У меня вот какое дело, - сказал Чичиков, обращаясь к чиновнику, - куплены мною крестьяне, требуется совершить купчую. Все бумаги готовы. Так нельзя ли кончить дело сегодня!

Сегодня нельзя, - сказал Иван Антонович.

Впрочем, что до того, чтоб ускорить дело, так Иван Григорьевич, председатель, мне большой друг...

Да ведь Иван Григорьевич не один, - сказал сурово Иван Антонович,

Чичиков понял заковыку, которую завернул Иван Антонович, и сказал:

Другие тоже не будут в обиде.

Идите к Ивану Григорьевичу, пусть он даст приказ, а за нами дело не постоит.

Чичиков вынул из кармана бумажку, положил ее перед Иваном Антоновичем, которую тот

Совершенно не заметил и накрыл тотчас ее книгой. Чичиков хотел было указать на нее, но Иван Антонович сделал знак, что не надо.

Вошедши к председателю, они увидели, что он был не один, у него сидел Собакевич. Председатель принял Павла Ивановича в объятья. Даже Собакевич привстал со стула. Иван Григорьевич был уже уведомлен о покупке Чичикова, он принялся поздравлять Павла Ивановича.

Теперь, - сказал Чичиков, - я буду просить, если можно, оформить это дело сегодня. Завтра мне хотелось бы выехать из города.

Все это хорошо, крепости будут совершены сегодня, а вы все-таки с нами поживите.

Позвали Ивана Антоновича, и председатель дал соответствующие распоряжения.

Да не позабудьте, Иван Григорьевич, - подсказал Собакевич, - нужно свидетелей по два с каждой стороны. Пошлите теперь же к прокурору, он человек праздный, за него все дела делает стряпчий. Инспектор врачебной управы, верно, дома. Да еще, кто поближе, - Трухачевский, Бегушкин, они все даром бременят землю!

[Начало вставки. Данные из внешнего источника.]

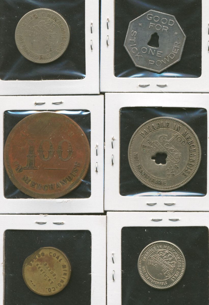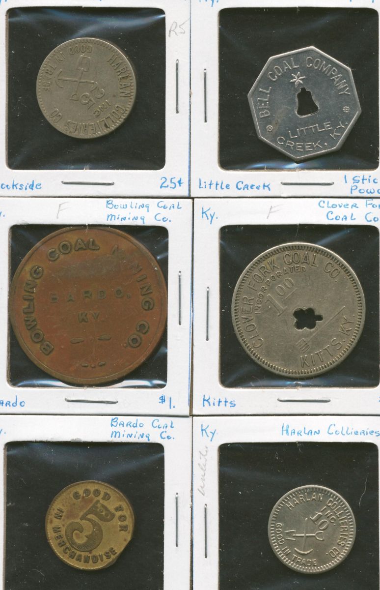 KY - Bardo Coal Mining Co. 5 c. R3. KY - Bardo Coal Mining Co. $1.00. R3. KY - Kitts Clover Fork Coal Co.$1.00 R5. KY - Bell Company - deleted from catalogue. KY - Harlan Collieries 5c. R5. KY - Harlan Collieries 25c. R5.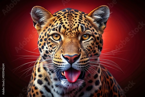 Fototapeta premium Photorealistic Leopard Night Photography on Red Background - Wildlife Close-Up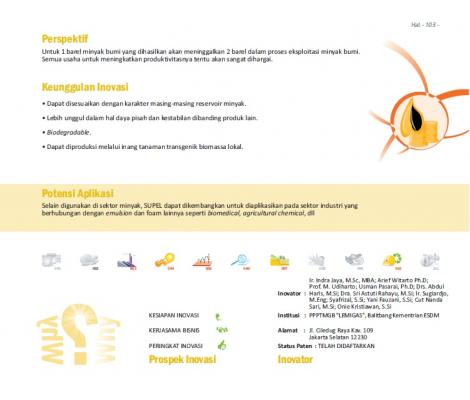 SUPE(r)L Surfaktan Minyak BumiCrude Oil SUPE(r)L SurfactantSekuen Molekul Asam Amino Peptida Bersifat Surfaktan Anionik : Inovasi Bioteknologi Protein untuk Peningkatan Perolehan Reservoar Minyak Status Paten: Telah Terdaftar Kesiapan Inovasi: * Prototype Kerjasama Bisnis: * Terbatas Peringkat Inovasi: * Prospektif | Susu Super Kecambah KedelaiSuperior Soy Germ MilkMinuman Fungsional Berbasis Protein Kecambah Kedelai untuk Memperbaiki Profil Lipid Penderita Diabetes Mellitua Tipe-2 yang Beresiko Tinggi Penyakit Jantung Koroner Status Paten: Telah Terdaftar Kesiapan Inovasi: * Prototype Kerjasama Bisnis: ** Luas Peringkat Inovasi: * Prospektif |
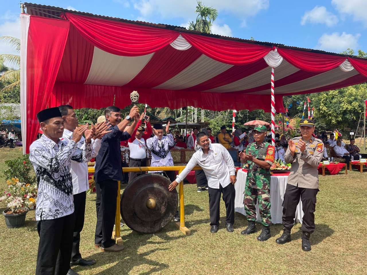 Bengkulu Utara – Kapolsek Ketahun Iptu Freddy Simaremare S.H., menghadiri upacara peringatan hari ulang tahun Persatuan Guru Republik Indonesia (PGRI) ke-78 dan hari Guru Nasional tahun 2023 tingkat Kecamatan Pinang Raya, di Lapangan Desa Bukit Harapan Kecamatan pinang Raya Kabupaten Bengkulu Utara, Rabu (15/11/2023).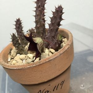 こちらもラベル違いで、付いてたラベルはHuernia hystrix だったけど、全然違う花が咲きました。どうやら国内流通名『黄蛾角』と呼ばれているもののようです。 なんで黄蛾角なのか?『蛾角』という、こちらは正真正銘黄色い花が咲くフェルニアもありますが、そちらと名前を入れ換えた方がいいんじゃないのか?そもそも入れ違っちゃってたりするんじゃないのか?とも思いますが、どうなんでしょう。名前の由来がわからないのでわかりませけど。 ところで黄蛾角で検索して出てきたサイトを色々見ても、植物名(学名)が併記されているサイトが見つかりません。 仕方がないので、海外のサイトでよく似たフェルニアを色々見比べたら、どうやらHuernia schneiderianaのようです。植物園や博物館に所蔵されている…きちんと同定された標本の特徴とも一致するので間違いなさそうです。 黄蛾角 Huernia schneideriana A.Berger (1913) タンザニア原産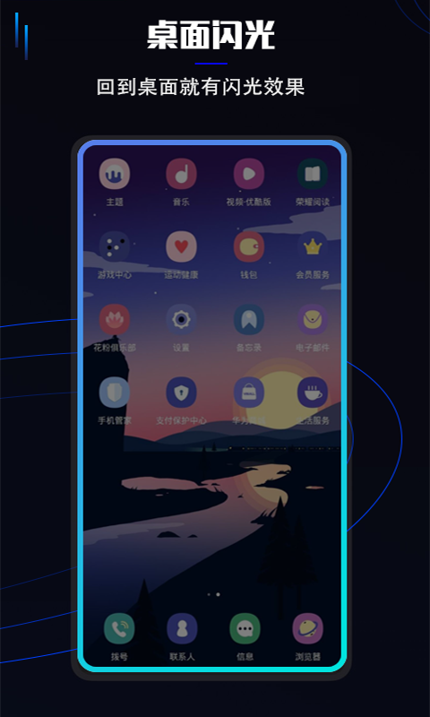 只要回到桌面闪光就会有边缘闪光,样式可以根据自己的喜好去设置。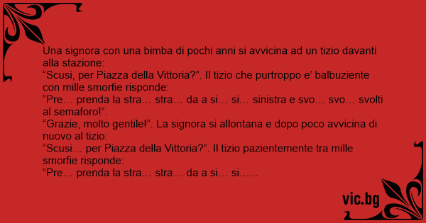 “Scusi, per Piazza della Vittoria?”. Il tizio che purtroppo e’ balbuziente соn mille smorfie risponde: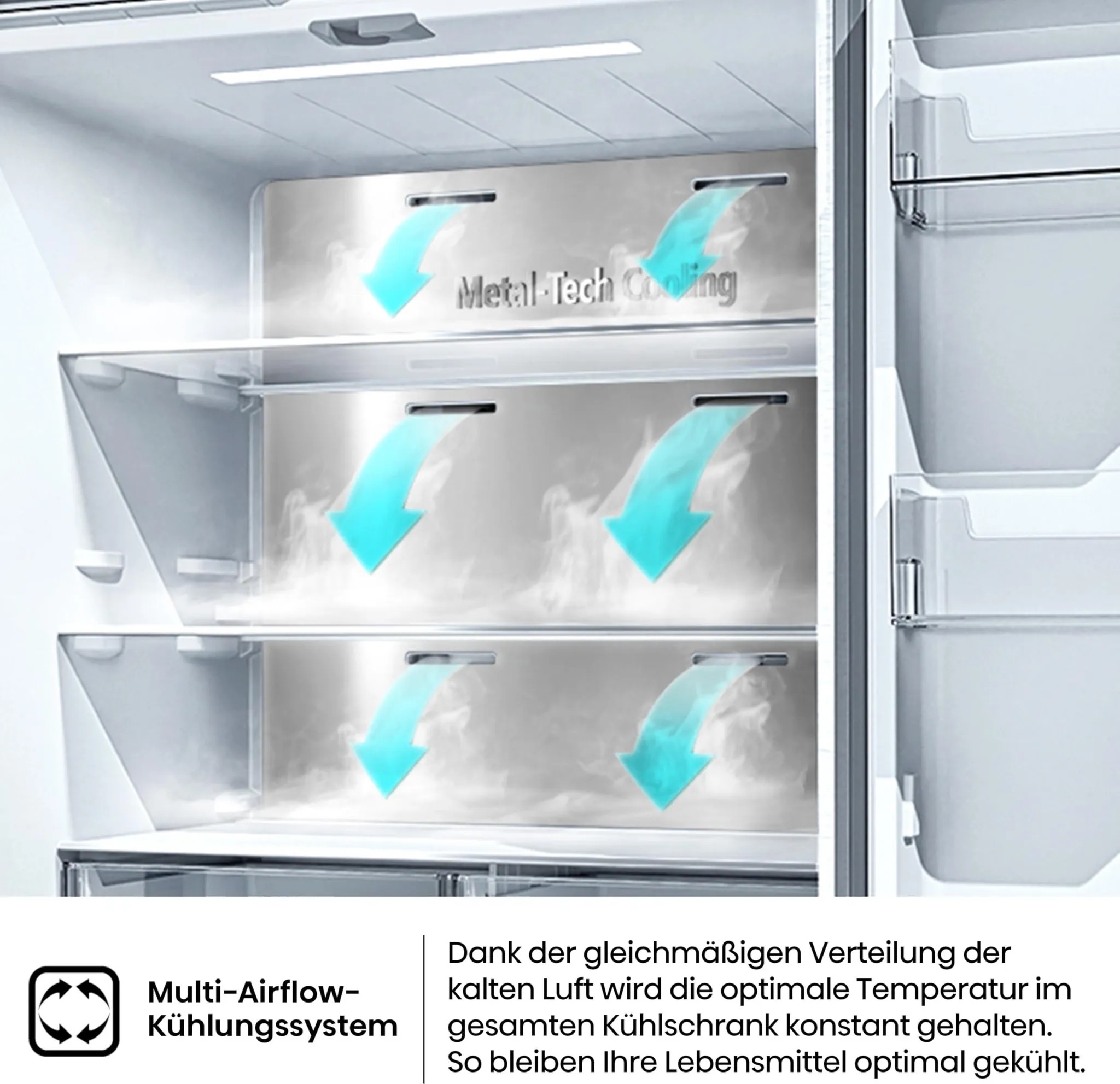 Grâce à la répartition homogène de l’air froid assurée par le système intelligent Multi Air Flow, la température optimale est maintenue de façon constante dans tout votre réfrigérateur-congélateur. Vos aliments restent ainsi parfaitement frais, quel que soit leur emplacement.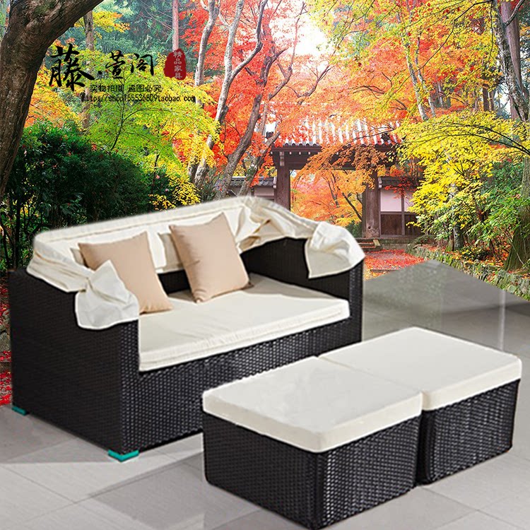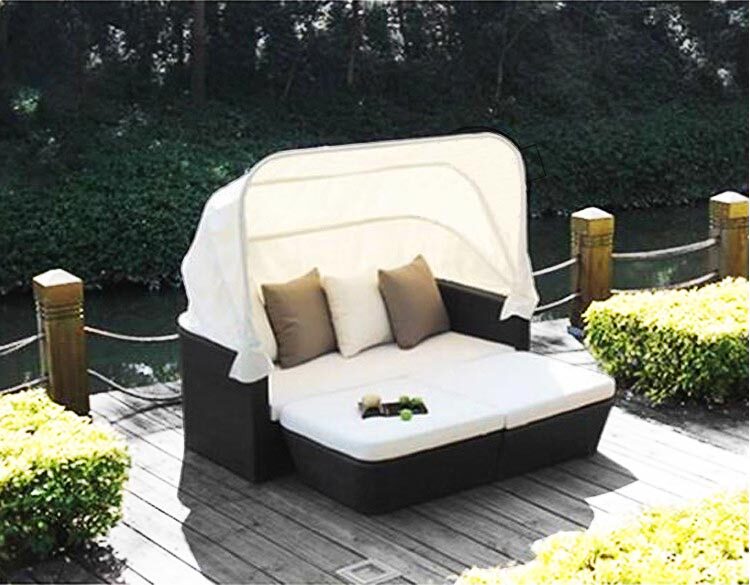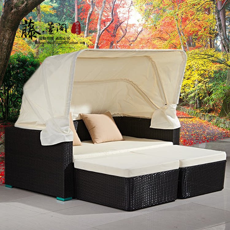 Outdoor reclining bed rattan rattan chair sofa balcony courtyard swimming pool with shaded sofa beach leisure reclining bed

Председатель отрядил за ними всеми конторского, послали и за доверенным Коробочки, сыном протопопа. Крепости произвели, кажется, хорошее действие на председателя. Глядя в глаза Чичикова, он сказал:

Так вот как! Павел Иванович! Так вот вы приобрели.

Да, что ж вы не скажете Ивану Григорьевичу, - вступил в разговор Собакевич, - что такое именно вы приобрели. Ведь какой народ! просто золото. Ведь я им продал и каретника Михеева.

Михеева продали! - сказал председатель, - он мне дрожки переделал. Только... Вы мне сказывали, что он умер...

Кто, Михеев умер? - ничуть не смешался Собакевич. - Это его брат умер, а он сейчас здоровее прежнего. Да я не только Михеева продал. И Пробку Степана, плотника, Милушкина, кирпичника, Телятникова Максима, сапожника, - сказал Собакевич и махнул рукой.

Но позвольте, Павел Иванович, - спросил председатель, - как же вы покупаете крестьян без земли?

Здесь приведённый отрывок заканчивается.